Your assignment: Starting with the line that contains "UK first pressing" and ending with the last line of the entries, repeat exactly those lines and nothing else, pictures excluded.

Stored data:
_ _ _ _ _ _ _
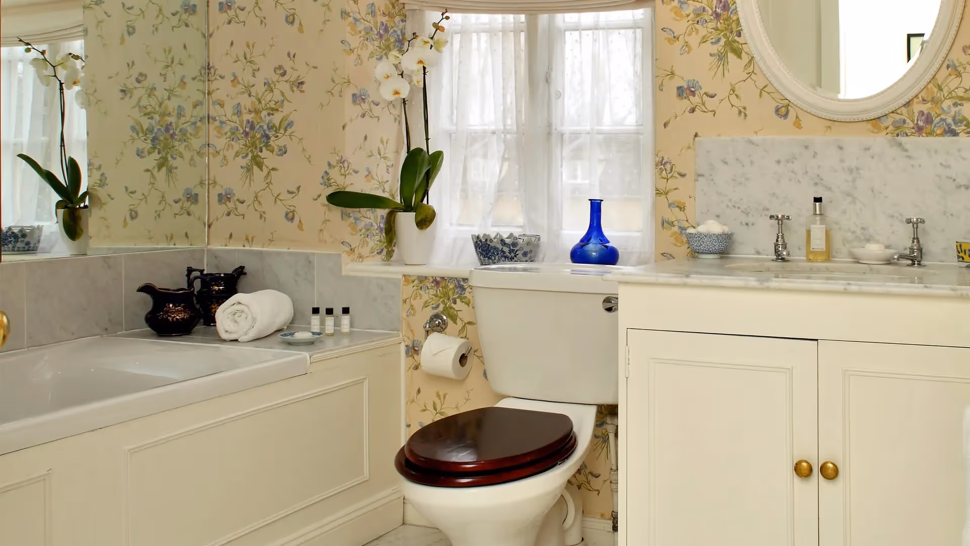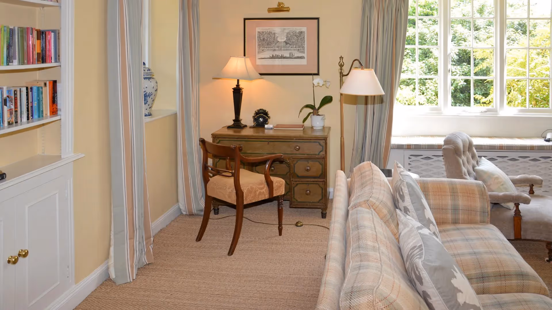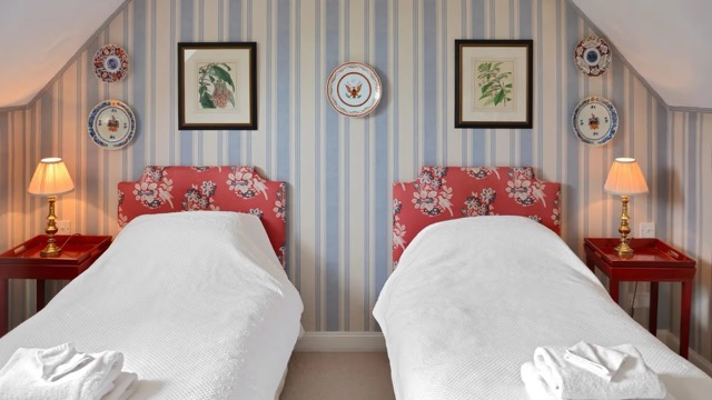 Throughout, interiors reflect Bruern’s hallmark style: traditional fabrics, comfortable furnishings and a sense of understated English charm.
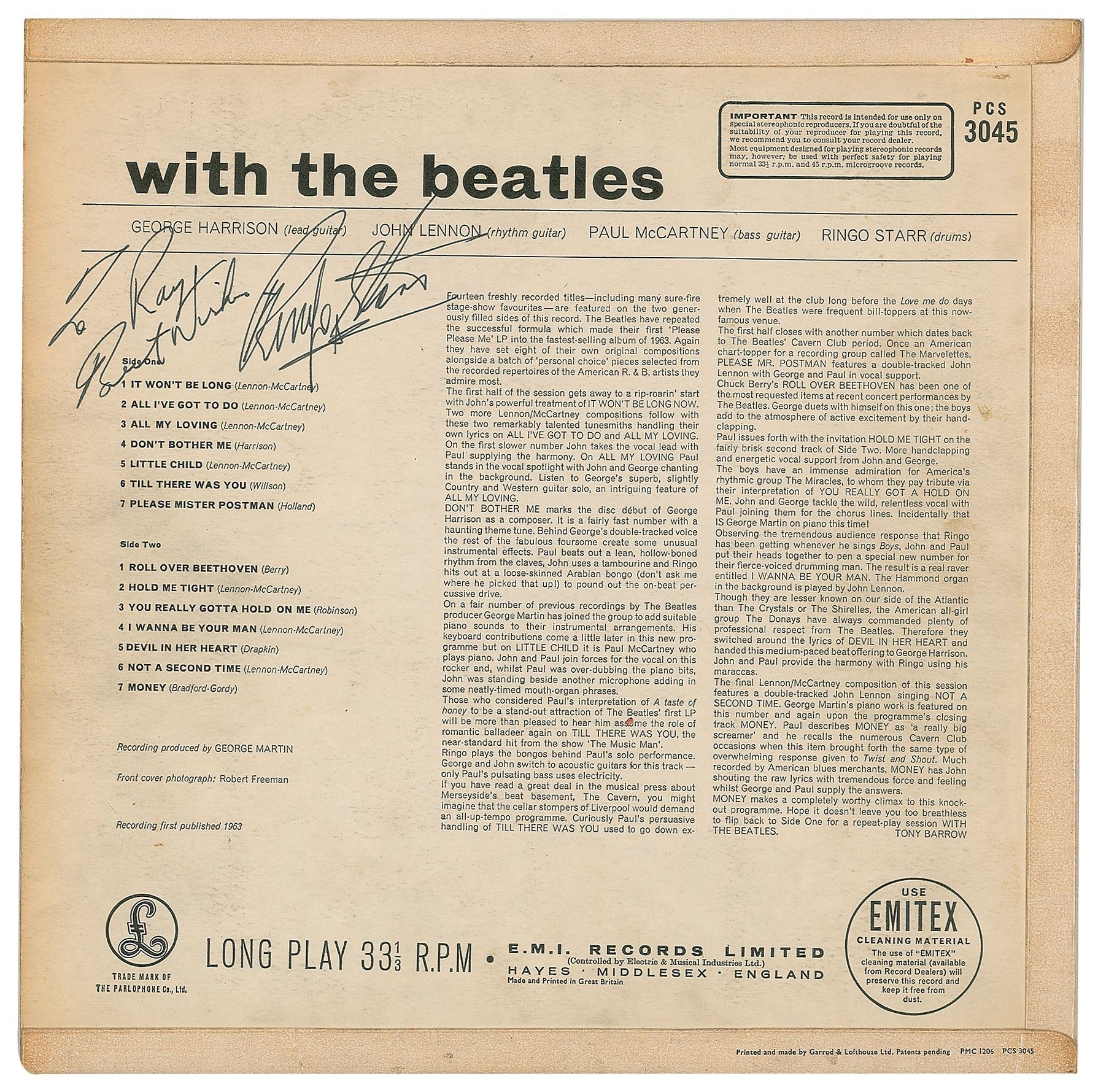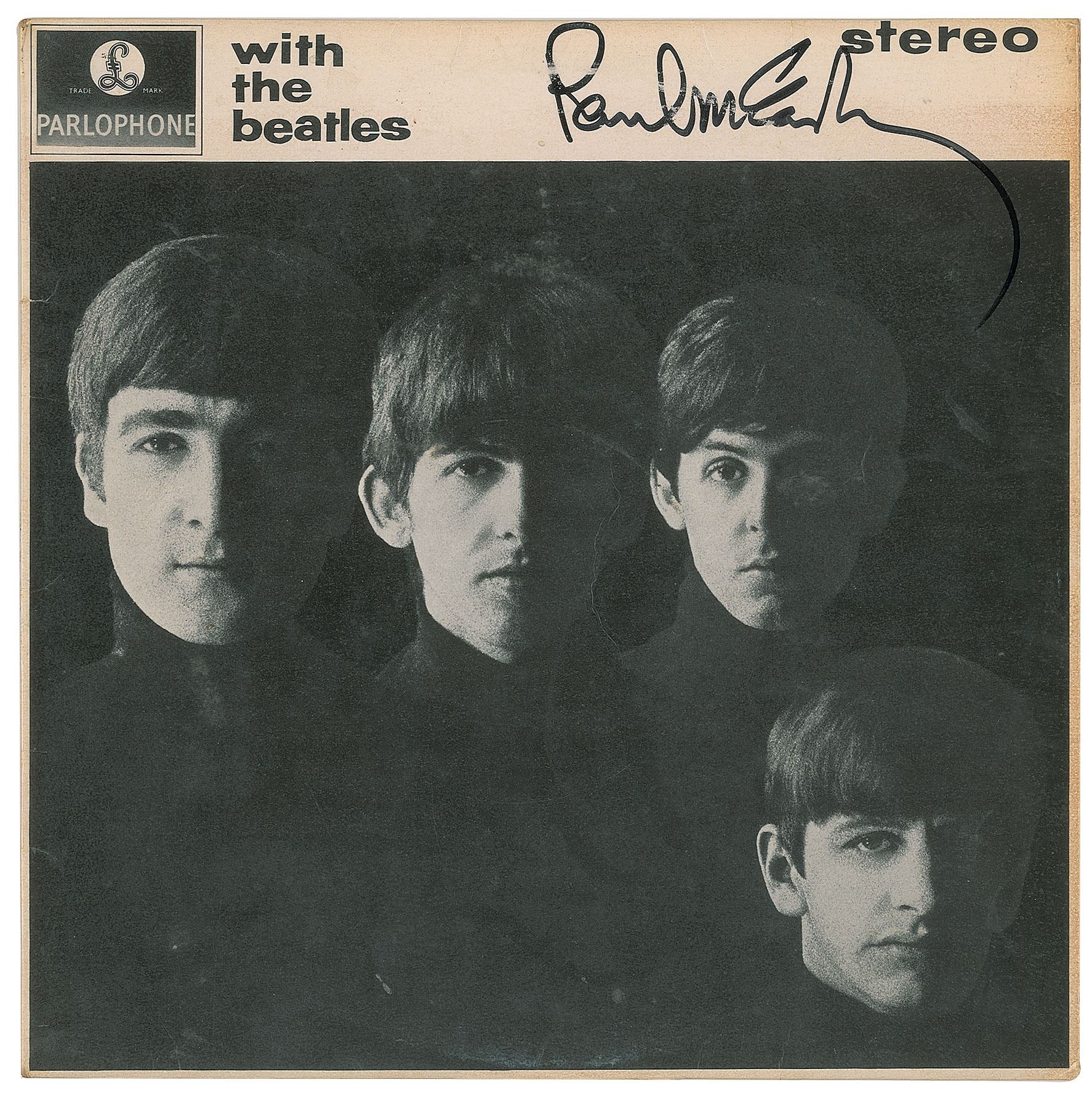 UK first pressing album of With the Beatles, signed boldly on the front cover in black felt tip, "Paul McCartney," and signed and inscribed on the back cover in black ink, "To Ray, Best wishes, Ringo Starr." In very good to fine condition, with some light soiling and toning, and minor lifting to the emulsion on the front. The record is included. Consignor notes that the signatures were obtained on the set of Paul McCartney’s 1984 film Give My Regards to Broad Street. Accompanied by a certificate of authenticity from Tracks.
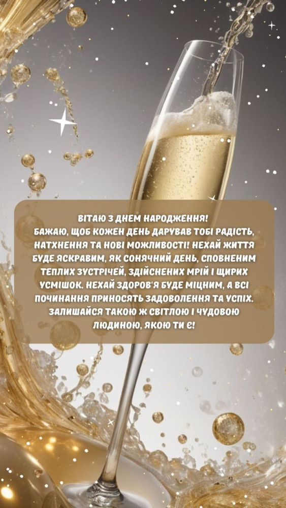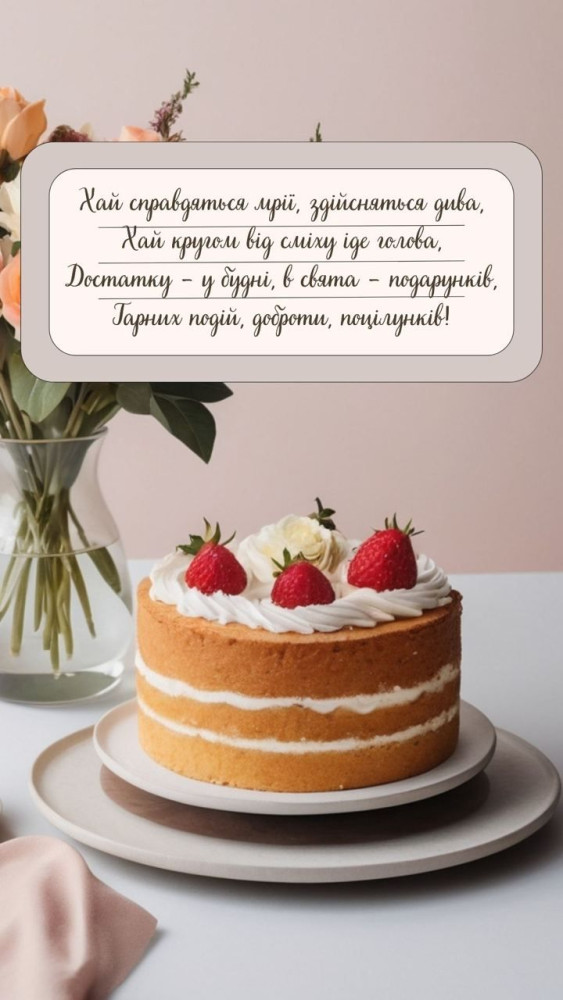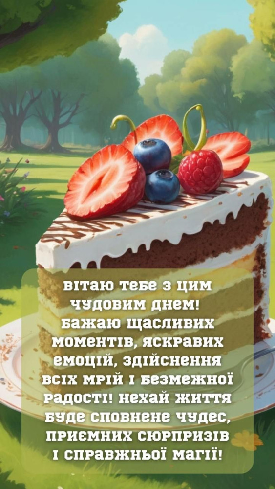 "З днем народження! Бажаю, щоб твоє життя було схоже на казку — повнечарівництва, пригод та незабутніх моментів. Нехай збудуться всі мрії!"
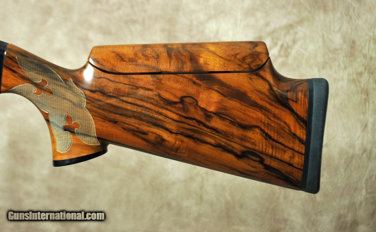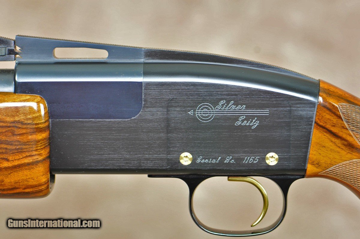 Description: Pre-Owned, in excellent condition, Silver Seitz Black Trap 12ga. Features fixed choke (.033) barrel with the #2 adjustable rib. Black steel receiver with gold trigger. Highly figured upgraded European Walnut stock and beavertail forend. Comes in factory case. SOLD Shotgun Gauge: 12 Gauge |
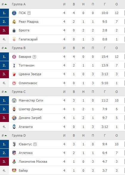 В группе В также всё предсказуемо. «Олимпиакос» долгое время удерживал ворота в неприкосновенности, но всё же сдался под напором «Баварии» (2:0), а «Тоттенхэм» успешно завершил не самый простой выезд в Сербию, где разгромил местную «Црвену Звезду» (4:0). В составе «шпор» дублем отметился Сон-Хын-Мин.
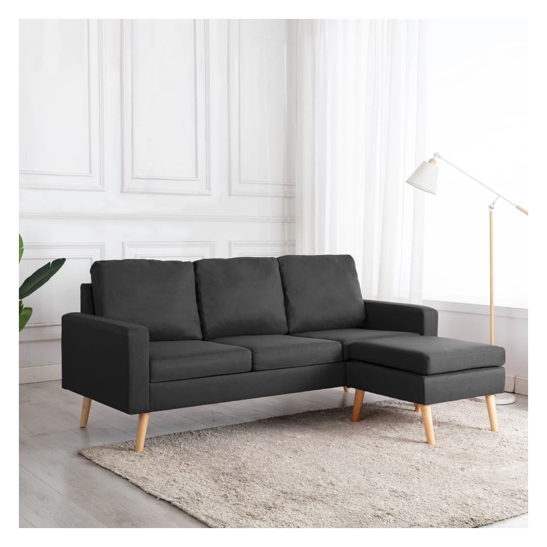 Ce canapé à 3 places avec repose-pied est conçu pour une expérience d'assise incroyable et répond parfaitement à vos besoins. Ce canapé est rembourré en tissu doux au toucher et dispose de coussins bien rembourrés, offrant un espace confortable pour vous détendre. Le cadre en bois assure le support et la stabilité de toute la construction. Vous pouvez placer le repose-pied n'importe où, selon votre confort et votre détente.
_ _ _ _ _ _ _
Answer for this exercise:
 UK first pressing album of With the Beatles, signed boldly on the front cover in black felt tip, "Paul McCartney," and signed and inscribed on the back cover in black ink, "To Ray, Best wishes, Ringo Starr." In very good to fine condition, with some light soiling and toning, and minor lifting to the emulsion on the front. The record is included. Consignor notes that the signatures were obtained on the set of Paul McCartney’s 1984 film Give My Regards to Broad Street. Accompanied by a certificate of authenticity from Tracks.
 "З днем народження! Бажаю, щоб твоє життя було схоже на казку — повнечарівництва, пригод та незабутніх моментів. Нехай збудуться всі мрії!"
 Description: Pre-Owned, in excellent condition, Silver Seitz Black Trap 12ga. Features fixed choke (.033) barrel with the #2 adjustable rib. Black steel receiver with gold trigger. Highly figured upgraded European Walnut stock and beavertail forend. Comes in factory case. SOLD Shotgun Gauge: 12 Gauge |
 В группе В также всё предсказуемо. «Олимпиакос» долгое время удерживал ворота в неприкосновенности, но всё же сдался под напором «Баварии» (2:0), а «Тоттенхэм» успешно завершил не самый простой выезд в Сербию, где разгромил местную «Црвену Звезду» (4:0). В составе «шпор» дублем отметился Сон-Хын-Мин.
 Ce canapé à 3 places avec repose-pied est conçu pour une expérience d'assise incroyable et répond parfaitement à vos besoins. Ce canapé est rembourré en tissu doux au toucher et dispose de coussins bien rembourrés, offrant un espace confortable pour vous détendre. Le cadre en bois assure le support et la stabilité de toute la construction. Vous pouvez placer le repose-pied n'importe où, selon votre confort et votre détente.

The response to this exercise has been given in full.